----- Provided records

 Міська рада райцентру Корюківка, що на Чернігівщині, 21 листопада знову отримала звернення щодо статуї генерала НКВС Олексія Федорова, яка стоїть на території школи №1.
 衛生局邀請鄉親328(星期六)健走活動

----------
----- Provided records

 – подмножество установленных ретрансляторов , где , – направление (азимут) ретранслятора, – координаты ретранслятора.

----------

#### [What to work on]
Output only an exact transcription of the lines above from the one with "Міська рада райцентру" up to and including the one with "衛生局邀請鄉親328(星期六)健走活動".

#### [Output of the task]
 Міська рада райцентру Корюківка, що на Чернігівщині, 21 листопада знову отримала звернення щодо статуї генерала НКВС Олексія Федорова, яка стоїть на території школи №1.
 衛生局邀請鄉親328(星期六)健走活動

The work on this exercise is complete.